曉夢當時只當這是長輩的關心,雖然有些不舒服,但還是乖巧地遞上禮物:“阿姨,這是我特意給您挑的絲巾,看看喜不喜歡。”
張秀英接過,隨手放在桌上,連包裝都沒有拆開。“坐吧,站著干什么,顯得我們不會待客似的。”
那天的飯桌上,氣氛詭異。張秀英不停地給兒子夾菜,完全忽略了曉夢的存在。公公陳大勇則一直悶頭吃飯,偶爾抬眼看看曉夢,那眼神說不出的古怪。

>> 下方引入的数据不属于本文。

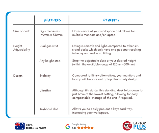 To help you decide and compare the difference between our premium Laptop Plus Standing Desk and other sit-stand desks available on the market, use the table below. At a glance, you can easily identify and discover the features and benefits of our Laptop Plus Standing Desk. Let's take a look.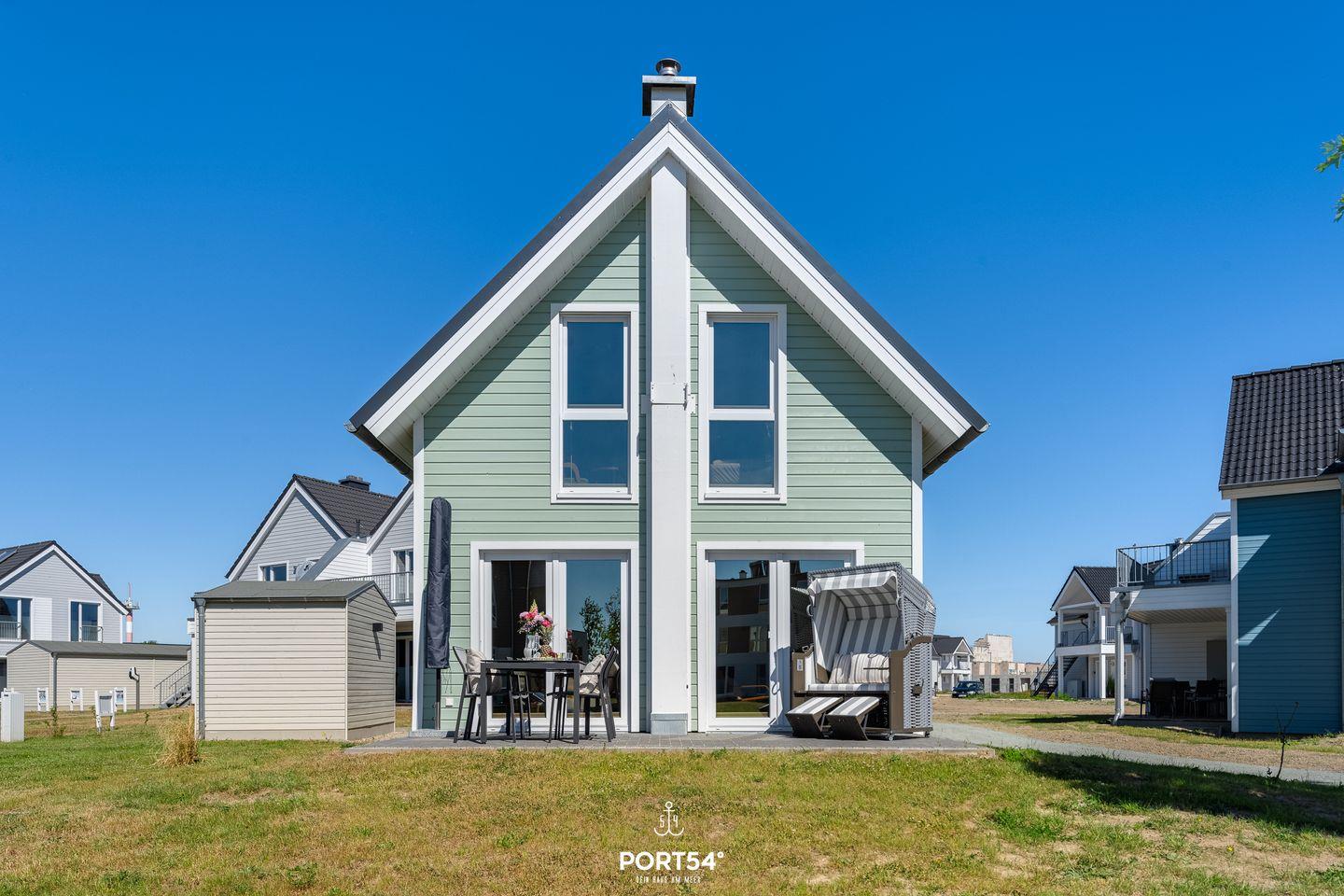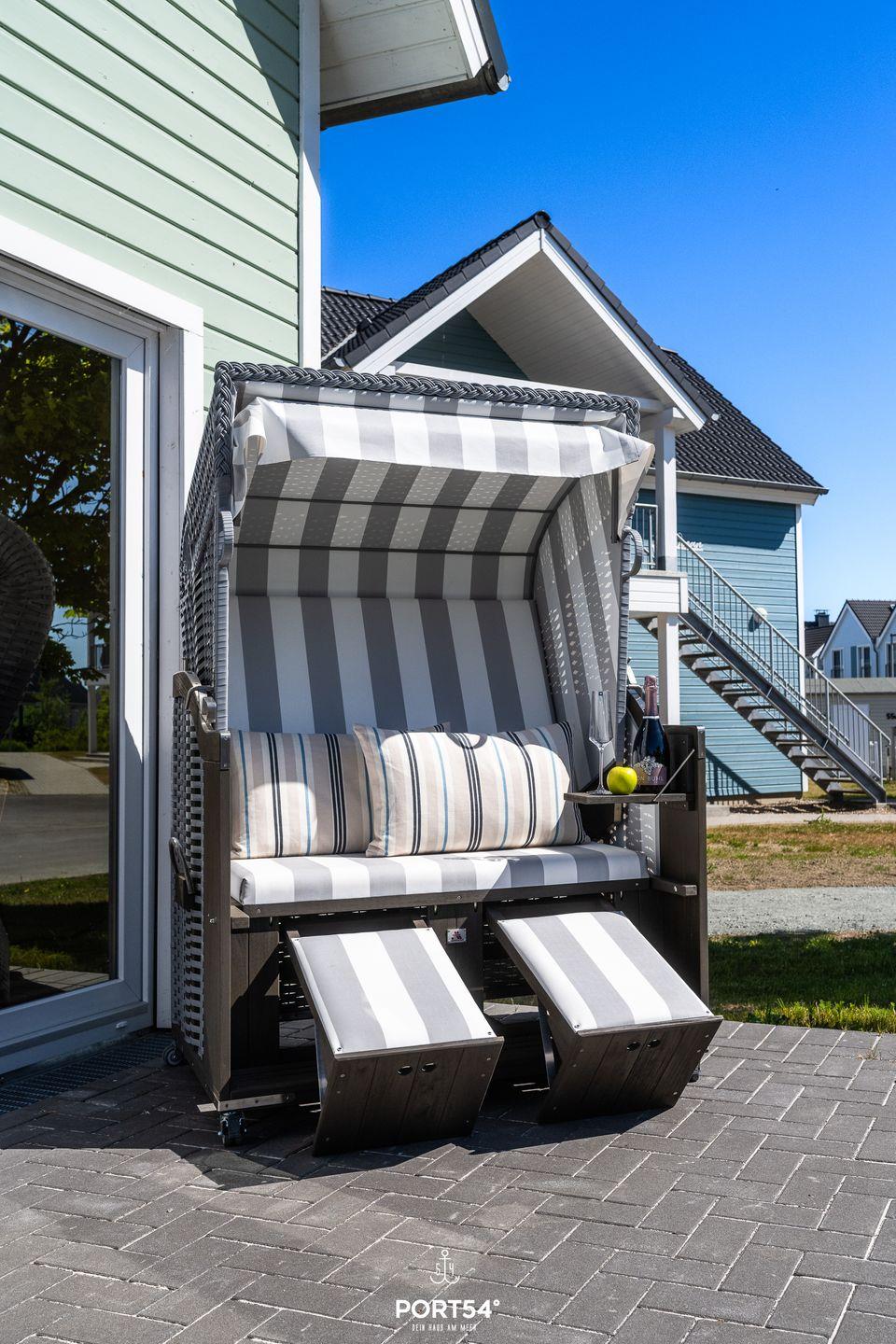 Das Ferienhaus ist von einer Rasenfläche zur Mitnutzung umgeben, die Dir ebenfalls einen schönen Blick auf die Umgebung bietet. Die Terrasse ist mit Gartenmöbeln und einem Strandkorb ausgestattet und lädt Dich dazu ein, die Sonne zu genießen oder entspannte Stunden im Freien zu verbringen.

“建國從小就是我們這片的驕傲,學習成績好,又孝順。”張秀英說著,突然轉向曉夢,“聽說你父母是普通工人?那你能嫁到我們家,算是高攀了。”
曉夢一時語塞,陳建國連忙打圓場:“媽,現在不講這些了。曉夢很優秀,在公司是業務骨干呢。”
“女人家要那么優秀干什么,相夫教子才是本分。”
回家的路上,曉夢悶悶不樂。陳建國摟著她的肩膀安慰:“我媽就那樣,說話直,其實心不壞。以后熟悉了就好了。”
曉夢點點頭,把心里的不安壓了下去。她愛建國,為了他,受點委屈算什么。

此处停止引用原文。